Jetzt hat sich der Bundesverband Medizintechnologie (BVMed) zu dem Entwurf geäußert. Er bewertet den Referentenentwurf „grundsätzlich positiv und unterstützt insbesondere die Beibehaltung bewährter nationaler Vorschriften“. Dennoch sei gut, „dass nun endlich auch auf europäischer Ebene Bewegung in die Diskussion um die EU-Medizinprodukte-Verordnung kommt. Es muss sichergestellt werden, dass durch ein funktionierendes Regelwerk alle Produkte zeitgerecht zertifiziert sein können“, bezieht BVMed-Geschäftsführer Dr. Marc-Pierre Möll Stellung.

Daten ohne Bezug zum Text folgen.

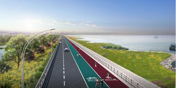 / Z! n8 q. Z4 h) L+ z3 _# E 多角度提升生活品质 在沿江沿海生态景观带建设工程实施之前,我区江海堤防标准基本只有五十年一遇,部分堤段甚至标准更低。在大力推进本工程之后,预计在2024年,我区将实现全区一线江堤的百年一遇达标贯通,防浪墙顶高程7.34米,堤顶高程6.84米,路面宽8至12米。景观带建设项目的实施,大大提升了全区堤防的防洪安保能力,能够更好的应对暴雨、洪涝等灾害性天气,为全区人民群众生命财产安全提供坚实的保障。我区将61.02公里江堤和22.4公里海堤按照企业段、城镇段、农村段三种不同的标准因地制宜进行打造,以生态建设为主基调,高标准建设长江生态保护、沿江沿海风光旅游示范带,并逐步将生产型用地和岸线转变为市民健身、休闲、观光、旅游的公共空间和生活型岸线,提升全线亲水性、畅达性、舒适性的贯通体验,打造集生态、绿色、活力于一体的城市客厅。建成以后,广大市民朋友又多了一个休闲娱乐的好去处,大大提升了人民群众的幸福感、满意度,而这也正是海门区委、区政府不断致力于改善人民群众生活品质最生动的写照!

Kritik an Rezertifizierungs-Prozess
Hintergrund ist die Sorge um Versorgungsengpässe mit Medizinprodukten, die mit Inkrafttreten der europäischen Medizinprodukte-Verordnung (MDR) zum 26. Mai 2020, so Spahn bereits Mitte Juli, „nicht ausgeschlossen“ sind. Bis zu diesem Stichtag müssen sich die für die Marktzulassung von Medizinprodukten in Europa verantwortlichen „Benannten Stellen“ nach neuem Recht rezertifizieren lassen.

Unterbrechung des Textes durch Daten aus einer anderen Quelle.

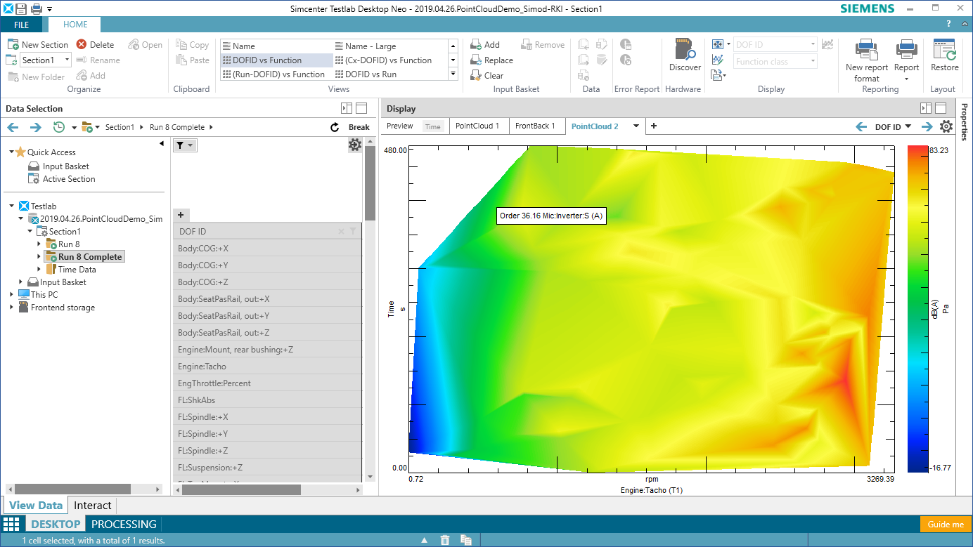 The point cloud display is available in both Simcenter Testlab 2019.1 and Simcenter Testlab Neo 2019.1 and higher.

Ein langwieriger Prozess, der stockt: Bis dato haben von den in Frage kommenden 58 Benannten Stellen erst vier die Rezertifizierung bestanden, eine davon im vom Brexit bedrohten Vereinigten Königreich.

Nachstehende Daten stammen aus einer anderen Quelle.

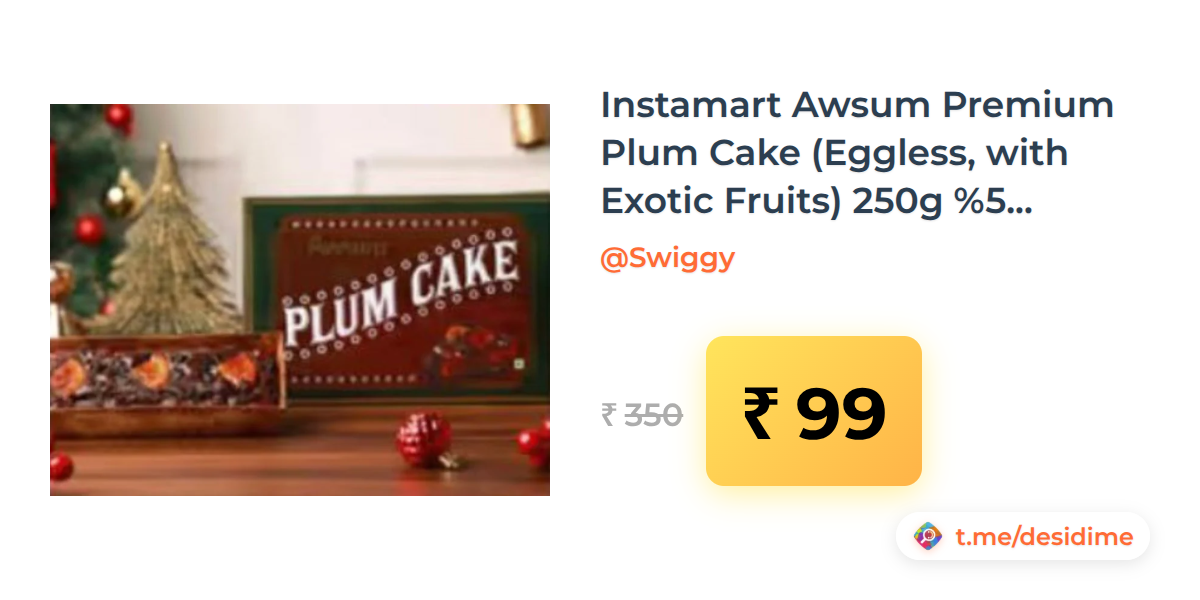 72% off on - Instamart Awsum Premium Plum Cake (Eggless, with Exotic Fruits) 250g [location specific] - Rs. 99

„Die Neubenennung und Notifizierung verläuft nach wie vor schleppend. Für die Erfüllung der MDR-Anforderungen müssen dringend mehr Benannte Stellen mit ausreichenden personellen Ressourcen für alle Medizinprodukte-Klassen zur Verfügung stehen“, fordert Möll. Engpässe drohen vor allem bei künftig höher klassifizierten Produkten wie Software und arzneimittelähnlichen Medizinprodukten (Risikogruppe I) oder bei wiederverwendbaren chirurgischen Instrumenten (Risikogruppe Ir). Für diese Produkte gelten, anders als für andere Risikogruppen, keine Übergangsfristen. Sie müssen ab dem 26. Mai 2020 durch die rezertifizierten Benannten Stellen zugelassen werden.
Leitlinien gefordert
Die im MPAnpG-EU vorgesehene Regelung, den beiden Bundesoberbehörden – dem Bundesinstitut für Arzneimittelsicherheit und dem Paul-Ehrlich-Institut – bei der Marktüberwachung von Medizinprodukten eigene Vollstreckungsbefugnisse zu geben, ist aus BVMed-Sicht nachvollziehbar, muss aber noch auf ihre Praktikabilität geprüft werden.
Der BVMed fordert außerdem Leitlinien und Positionspapiere für eine europaweit koordinierte Implementierung der Medizinprodukteverordnung. Die erforderlichen Expertengremien müssten schnellstmöglich etabliert werden und harmonisierte Normen und gemeinsame Spezifikationen unter der MDR erstellt werden.